• What the exercise asks:
Would you return exactly the lines below from the line with "- In the Site" through the line with "Chic and elegant", both included, and nothing else, leaving out the pictures?

• Data records:
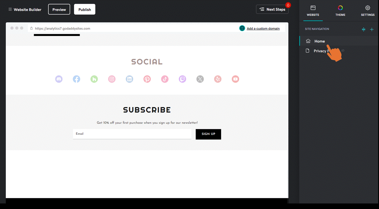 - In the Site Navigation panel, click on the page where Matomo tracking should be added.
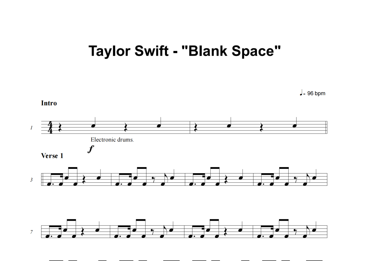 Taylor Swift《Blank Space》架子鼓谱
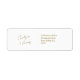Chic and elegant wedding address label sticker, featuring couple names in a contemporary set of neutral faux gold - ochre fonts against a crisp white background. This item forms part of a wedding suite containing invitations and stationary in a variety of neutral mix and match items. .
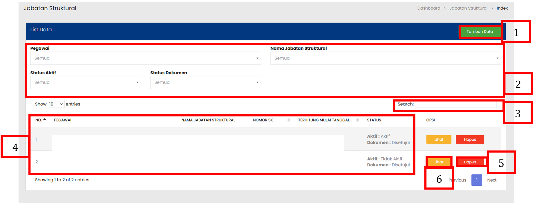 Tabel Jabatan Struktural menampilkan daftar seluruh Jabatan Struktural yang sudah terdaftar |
* * *
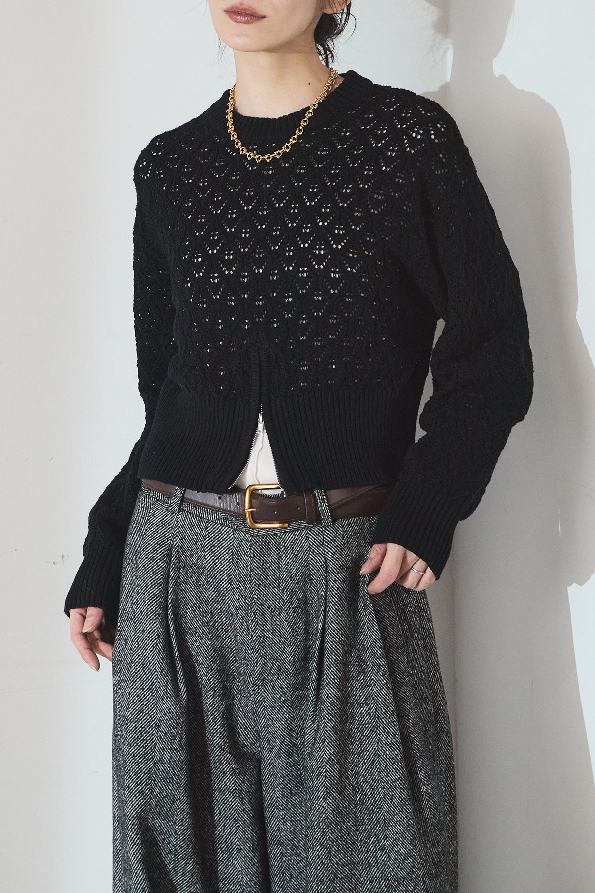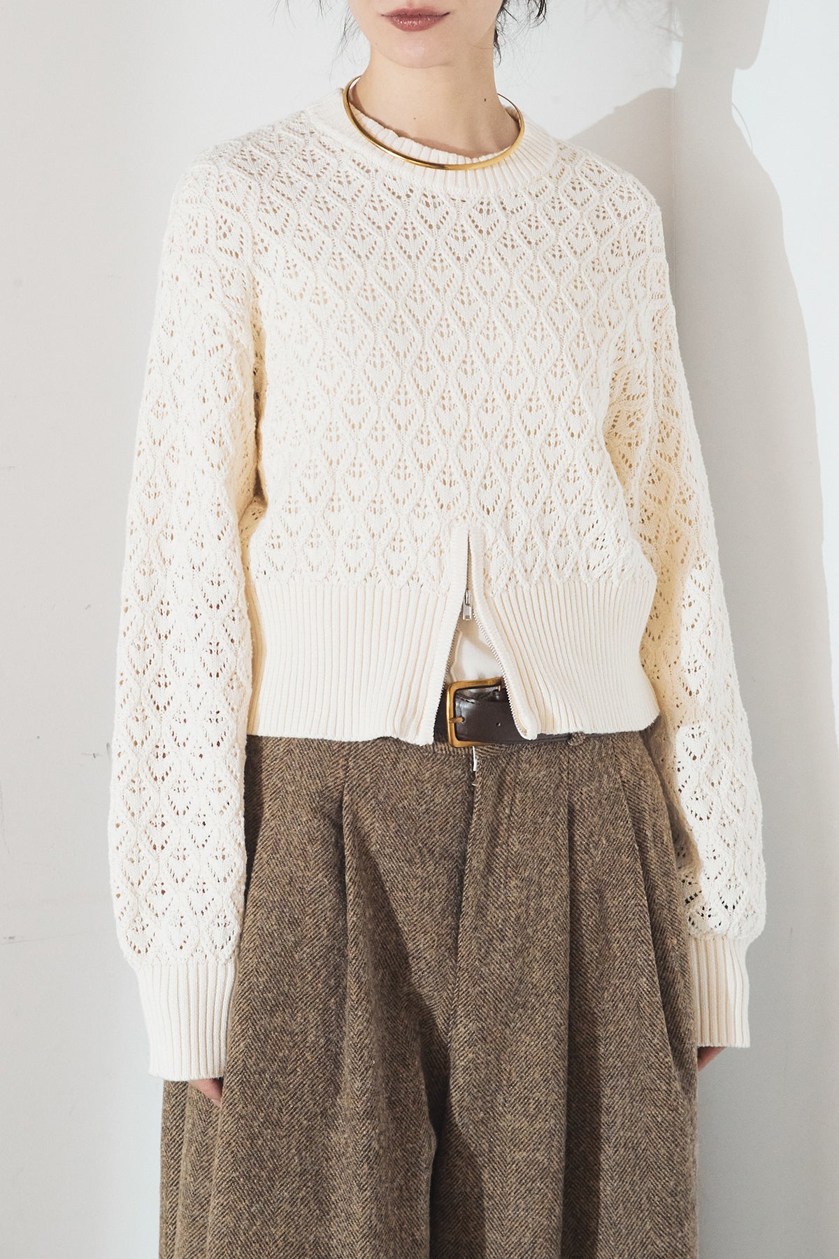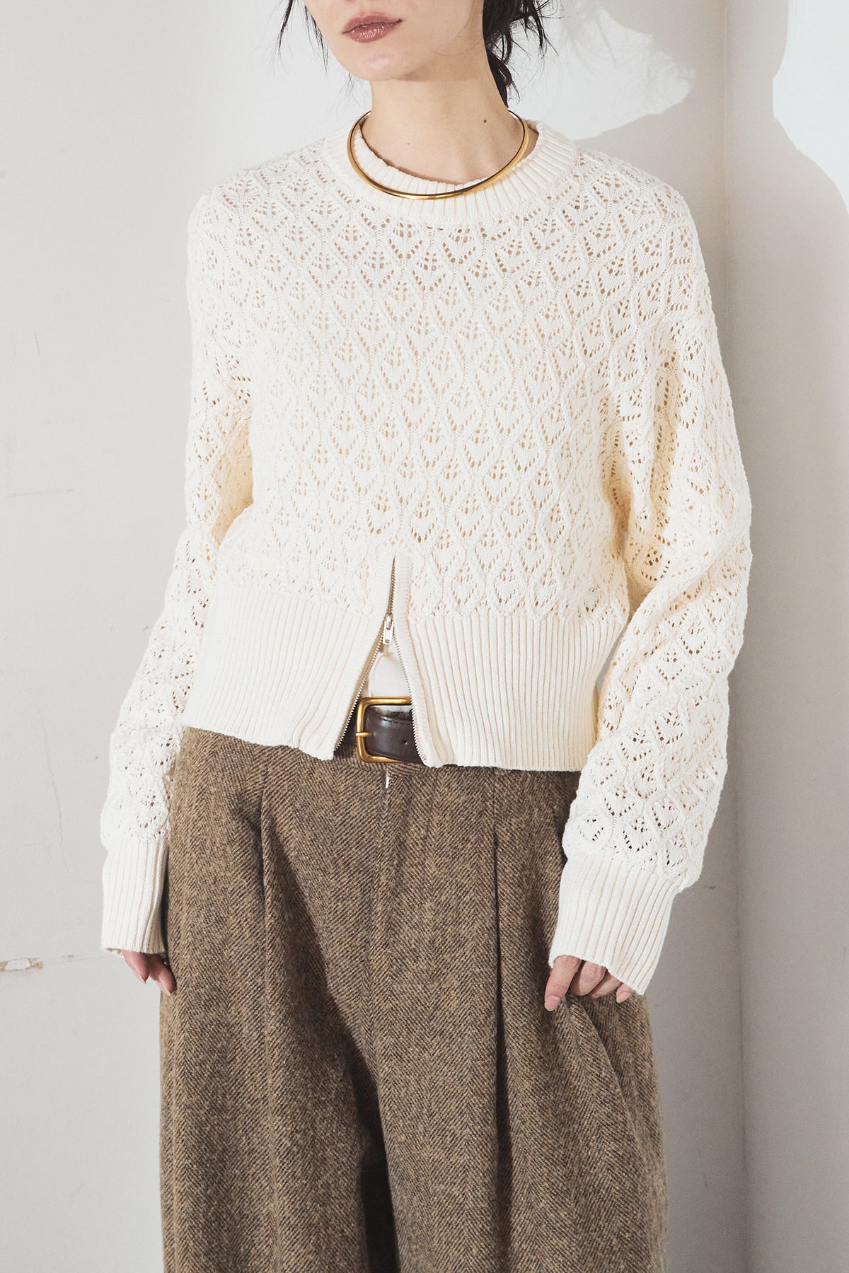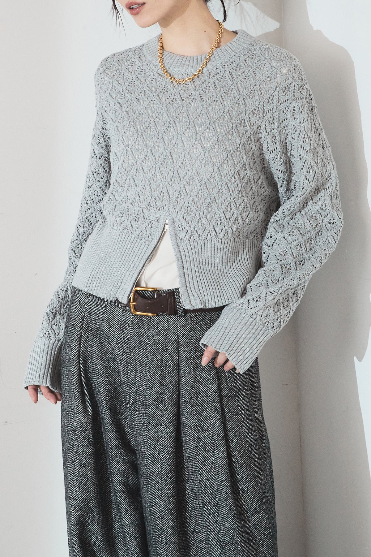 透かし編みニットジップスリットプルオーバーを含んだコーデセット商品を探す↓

• Answer below:
 - In the Site Navigation panel, click on the page where Matomo tracking should be added.
 Taylor Swift《Blank Space》架子鼓谱
Chic and elegant wedding address label sticker, featuring couple names in a contemporary set of neutral faux gold - ochre fonts against a crisp white background. This item forms part of a wedding suite containing invitations and stationary in a variety of neutral mix and match items. .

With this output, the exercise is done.